For 24 of the queries, that was as far as it went. A few wrote back saying our book “did not meet their current needs” (I have a theory about that I’ll discuss some other time) but most did not respond. You’ll find that’s the way it goes.

And then one, a guy named Peter Miller who owned the Peter Miller Literary Agency, wrote back and said, “I’m out of town for a couple of weeks, but when I get back that next Monday, I’d like to read it.”

Tori told me and Mark – “OK guys, you’ve got 10 days to write it.”

You don’t think that’ll light a fire under you? Most of the first draft of what became “Well Blow Me Down” came together in one long weekend involving a LOT of beer and pizza. At the end of the weekend I looked at the legal pad filled with scribbled idea and jokes, then started pulling them together. Another meeting and we actually were able to turn it into something worth showing people. It wasn’t as good as it became, but it worked.

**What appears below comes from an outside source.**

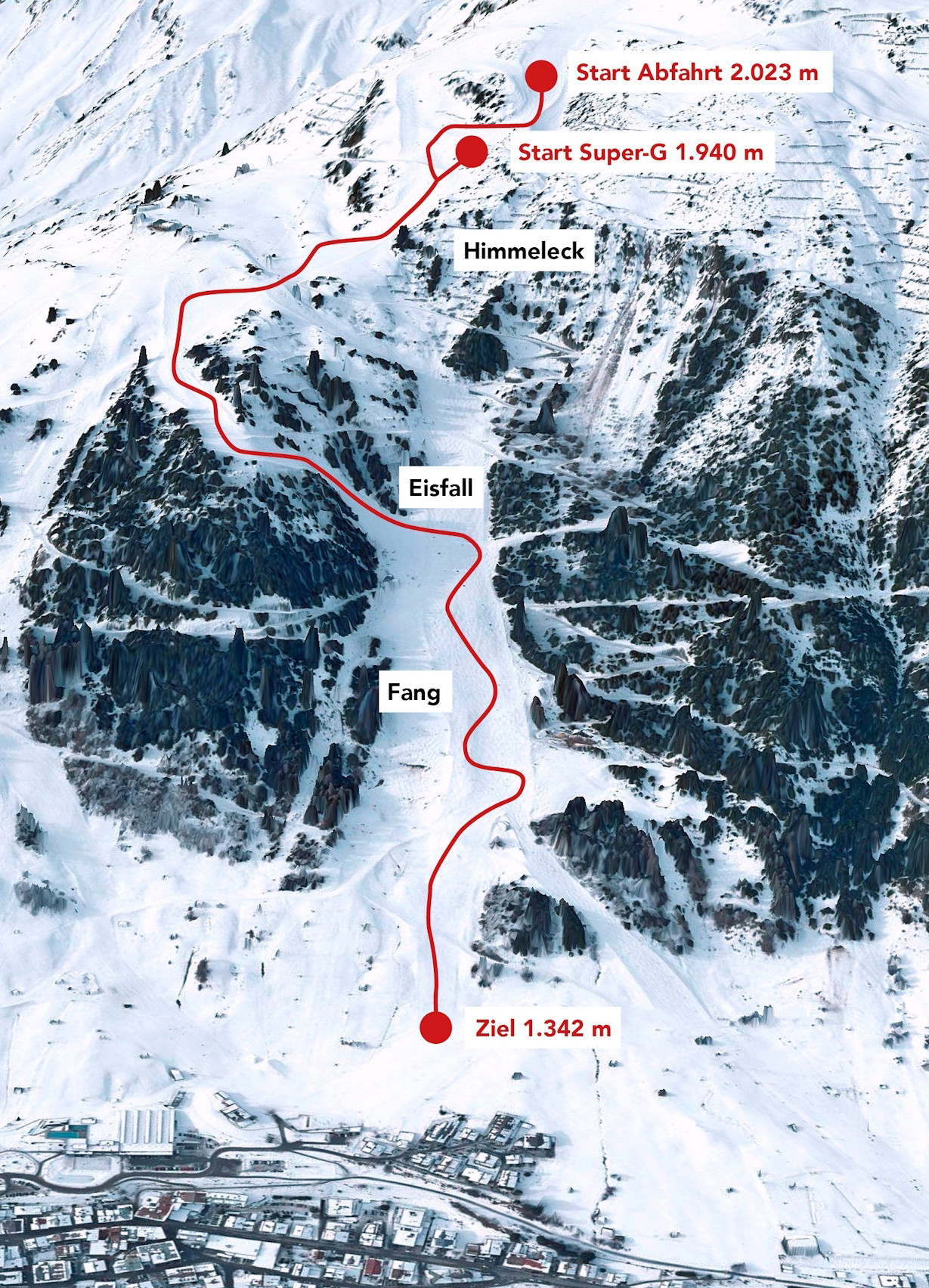 Die berühmte Kandahar-Rennpiste hat es in sich: Das durchschnittliche Gefälle von 34 Prozent sorgt für Geschwindigkeiten von bis zu 130 km/h. Der Start liegt unterhalb des Kapall auf 2.065 Metern. Von dort führt die Karl-Schranz-Kandahar-Strecke über das Himmeleck und den Eisfall hinab ins Zielstadion. Hobby-Skifahrer können sich einiges von den Profis abschauen und die anspruchsvolle Abfahrt nach den Wettkämpfen selbst testen.

We were able to send off a reasonably funny proposal by the deadline.

Well Blow Me Down
Mark and my first book, “Well Blow Me Down.” Writing it seemed like a funny idea. It also came as a big surprise.

It was at least good enough to get Miller to decide he wanted his agency to represent us. He assigned us to one of the agents in his office. That was Scott, who took us under his wing, got us to refine the manuscript, then did his best to sell it.

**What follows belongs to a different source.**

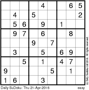 The Daily SuDoku: Thu 21-Apr-2016

It didn’t sell after about six months of trying, so his next suggestion was, “Publish it yourself. If you can sell enough copies it’ll get the attention of publishing houses and they’ll be more willing to take a chance on you.”

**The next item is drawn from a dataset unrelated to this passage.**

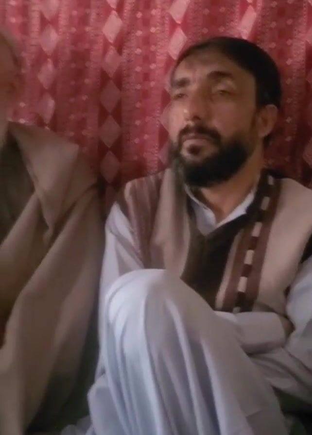 four men sitting on a couch in a room. The walls are a light yellow color, and there is a red patterned curtain behind the men. One man is sitting on the left side of the couch, wearing a brown jacket and light blue pants, with his arms crossed. Next to him is an older man with a long white beard, wearing a similar brown jacket and light pants. The third man is wearing a purple shirt and dark pants, with his arms crossed. The fourth man is wearing a grey shirt and dark pants. All four men appear to be listening to someone or something, but they are not interacting with each other. The camera pans across the men, showing them from different angles.
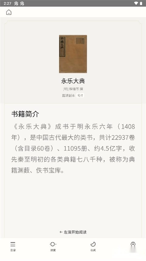 4、进入书籍页面后,我们可以通过点击左下角的目录选择自己想要看的章节;

This was just before the boom in print-on-demand publishing, literally right on the eve of that development. We had to get copies printed and shipped to us, then get out and sell them. We worked out how much money we could afford to lose if we didn’t sell any, and that’s how we ended up with 5,000 copies of “Well Blow Me Down” in the garage.

And it worked. We sold a lot of them, not all 5,000, but, if memory serves, more than 3,000. You’ve gotta hustle. That put Scott in a position where he was able to get us a deal with New American Library.

There’s a lot more to the story, but here we are pushing 900 words, and I have work to do so I’ll leave this here. The point is, we got our first agent in a very odd way and, I’m sorry to say, it probably won’t work for you. Although you’ll never know unless you try.

That’s our family motto: “You’ll never find out if you can fly if you don’t throw yourself off a cliff from time to time.” So knock on the door. If they don’t open it, kick it in.

Has Anybody Here Seen my Brain?

Very strange ear worm earlier this week. I couldn’t imagine why, but when I woke up I had a few lines from the 1908 British music hall song “Has Anybody Here Seen Kelly?” running through my head, nonstop.

I am certain I have never heard this song in my life, not all the way through, yet there were the same three lines running over and over. (Ear worms are almost never a song you know well, or like, at least in my experience.)

Now, my dad loved to sing, and as he moved through his day he often was singing some obscure old tune, but I’m sure I never heard him sing this one. So how did it get in my head?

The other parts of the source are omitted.